L'intervento di don Luigi Ciotti a Limbadi
2 minuti per la letturaLIMBADI – Tante fasce tricolore, provenienti da tutta la Calabria, dagli angoli più remoti, dalle comunità più piccole: una lista folta, quella dei Comuni che hanno firmato il Patto.
In un luogo emblema: l’Università della Ricerca, della Memoria e dell’Impegno, sorta in un bene confiscato. Il clima è disteso, si respira entusiasmo, riecheggiano parole fortissime, citazioni di quelle che animano la platea e scaldano le coscienze.
Un filo comune ha legato gli interventi di tutti i relatori: il grande dinamismo, uno straordinario desiderio di riscattare questa terra, così atavicamente moribonda. Ha salutato la platea dei sindaci, Pantaleone Mercuri, sindaco di Limbadi. Ha introdotto l’evento Don Ennio Stamile, referente regionale di Libera: «Meno di 20 giorni fa abbiamo attraversato la Calabria è straordinaria, ma la sua gente si deve liberare».

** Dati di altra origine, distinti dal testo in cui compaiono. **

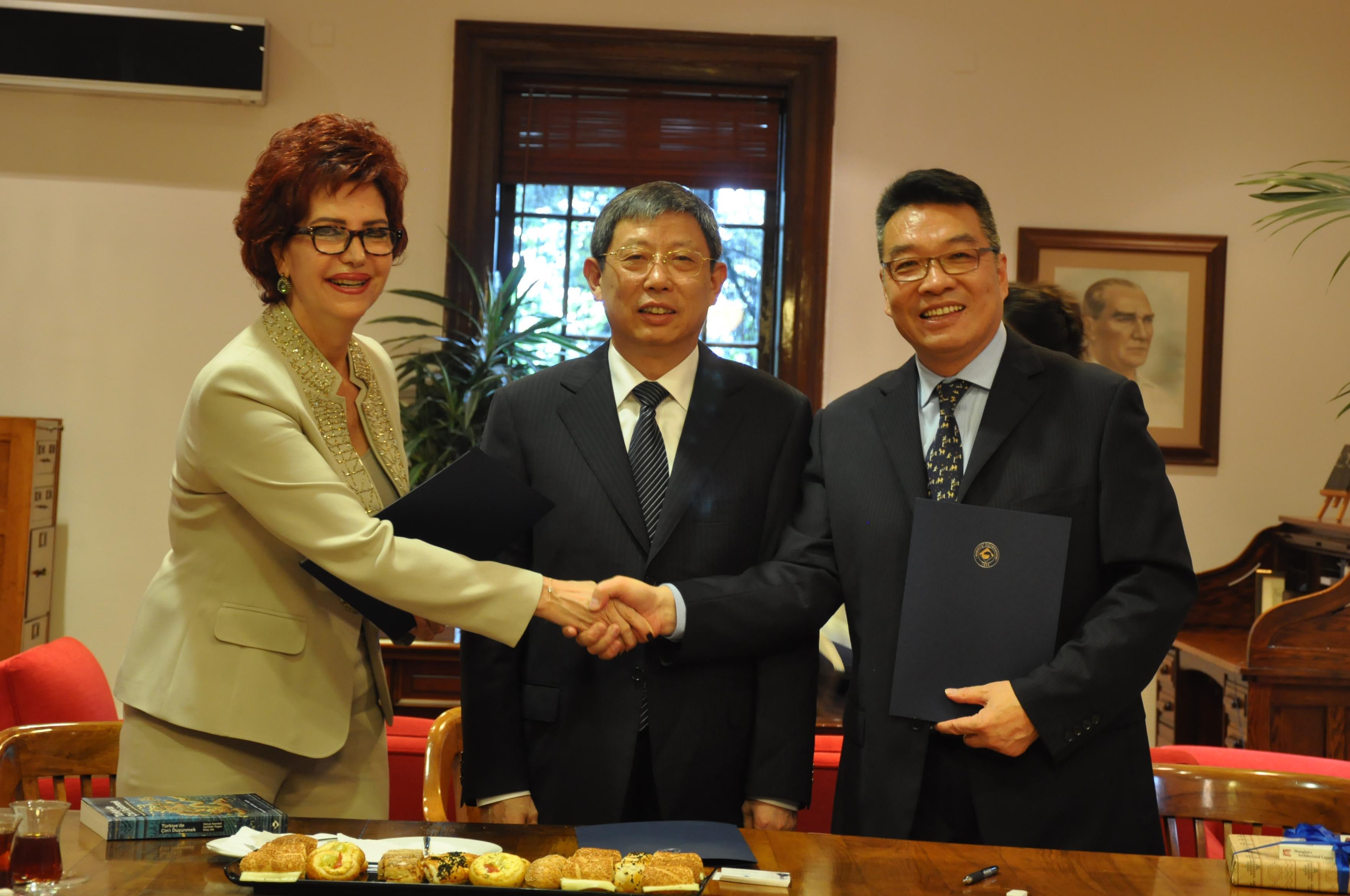 随后,杨雄市长一行来到了孔子学院。土耳其第13届汉语桥比赛二等奖获得者苏蕾娅表演了茶艺。在小提琴的伴奏下,茶具在其手中灵活地运动。随后,苏蕾娅同学还清唱了《茉莉花》,并向来访的嘉宾奉上了最新的龙井茶。海峡大学舞蹈俱乐部的学生表演了土耳其舞蹈,赢得了来访嘉宾的一阵阵掌声。最后,杨雄市长与同学们一一握手,同学们用中文向杨市长问好;有的同学还说起了上海话。访问在一片愉快的气氛中走向尾声。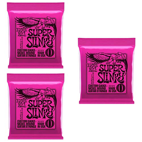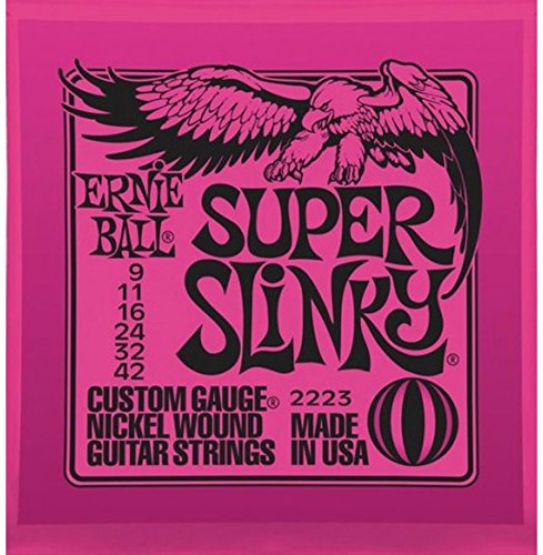 Ernie Ball Super Slinky Electric Strings are played by Jimmy Page, Jeff Beck, and Angus Young. These strings are precision manufactured to the highest standards and most exacting specifications to ensure consistency, optimum performance, and long life. Super Slinky wound strings are made from nickel plated steel wire wrapped around a hex shaped steel core wire. The plain strings are made of specially tempered tin plated high carbon steel; producing a well balanced tone for your guitar.

Ennio Stamile ha letto i 14 punti del Patto di Limbadi, invitando i sindaci «a costituirsi parte civile nei processi di ‘ndrangheta e a favoreggiare nelle gare d’appalto gli imprenditori che hanno denunciato». Su tre parole si è concentrato don Marcello Cozzo, presidente della fondazione Interesse Uomo: «Convenienza, legalità e dignità».
I punti nascono dall’ascolto quotidiano della rabbia e della disperazione di chi denuncia: «Bisogna denunciare non soltanto per convenienza, ma per far prevalere la legalità. A patto che il gesto coraggioso del singolo assuma una veste collettiva, deve essere la denuncia di un intero paese». A moderare l’appuntamento, Nicola Fiorita, del Comitato Scientifico UniRimi.
Diretta la relazione del senatore Nicola Morra, il primo a convocare la Commissione Antimafia in un bene confiscato: «Il tumore non è la ‘ndrangheta, ma la rassegnazione della gente – Morra cita “Gente d’Aspromonte” -. Qui tutto quanto non cambia». Il senatore ha sollevato una questione paradossale: «L’ente comune si scioglie per mafia, ma l’ente regione no, perché? È chiaro che la legge va modificata».
Il trasformismo e l’omertà di molti sindaci: «Esorto gli amministratori a capire la percentuale di evasione, a studiare dettagliatamente i bilanci, perché qui bisogna applicare il principio di legalità». Coinvolgente il discorso di don Luigi Ciotti, referente nazionale di Libera: «Il cambiamento che sogniamo ha bisogno di un cambio di strada da parte di ciascuno, che non sia però un adattamento, perché c’è bisogno di una rigenerazione». Ciò nonostante, si rischia una normalizzazione, fenomeno inquietante: «Io ho paura di coloro i quali fanno finta che non sia così grave».
L’esortazione spassionata ad applicare la Costituzione Italiana a partire dall’Art.3 «nei fatti e non nelle parole». Il ricordo del visionario don Luigi Sturzo, che nel 1900 aveva previsto la galoppata della mafia verso nord: «Di questo se ne parla da 200 anni – ha concluso don Ciotti – e non si dica che i giovani non ci sono. Perché non è vero: i ragazzi sono presenti con i loro sogni, le loro aspettative, ma hanno bisogno di adulti coerenti e di opportunità concrete».